Automattic Isn’t Sponsoring 3,500 Hours a Week to the Maintenance of WordPress.org
While WordPress is an open source project, there is so much that isn’t open and transparent about it. That includes one team that largely operates anonymously, seemingly to avoid people being able to identify individuals taking harmful actions, and it includes a security team (or teams) where even basic details are mystery. We also still don’t have a clear picture of who is managing and paying for the WordPress website. That is obvious concern with everything that has been happening recently involving Matt Mullenweg’s campaign against WP Engine.
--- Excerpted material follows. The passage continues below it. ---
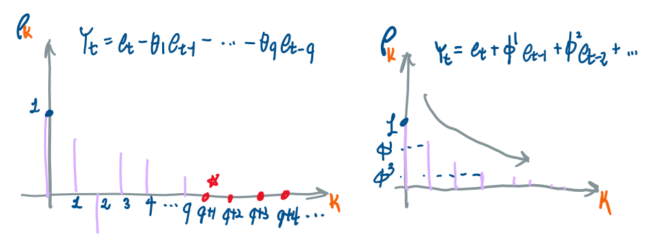 즉 q+1 이후 시차에선 두 확률변수간 선형상관관계가 나타나지 않음을 알 수 있다.

One thing we can say with good certainty is that Automattic isn’t sponsoring its employees to spend 3,500 hours a week maintaining that the WordPress website, as some people have been mentioning recently.
The confusion over this seems to be based on a declaration made in the legal case between Automattic/Matt Mullenweg and WP Engine. In the declaration, an Automattic employee stated:
As part of my role as Chief Systems Wrangler at Automattic, I regularly work with the WordPress software platform, and am also familiar with the website located at www.WordPress.org (the “Website”). Automattic contributes significant time and resources to the operation of the Website, in excess of 3500 hours weekly.
That works out to the equivalent of 87.5 people working on the website for 40 hours a week. That doesn’t really make sense, even if you are not familiar with the lack of issues with the website getting addressed. The simple explanation for that number is that it is actually a reference to Automattic’s claimed sponsored time for the entire WordPress project, which is currently listed as 3,577 hours:
Whether that number is at all accurate is an open question (as it is for that program in generally). But what isn’t a question is that definitely isn’t a number related to maintaining the website, as it includes Automattic employees involved in various aspects of the WordPress project.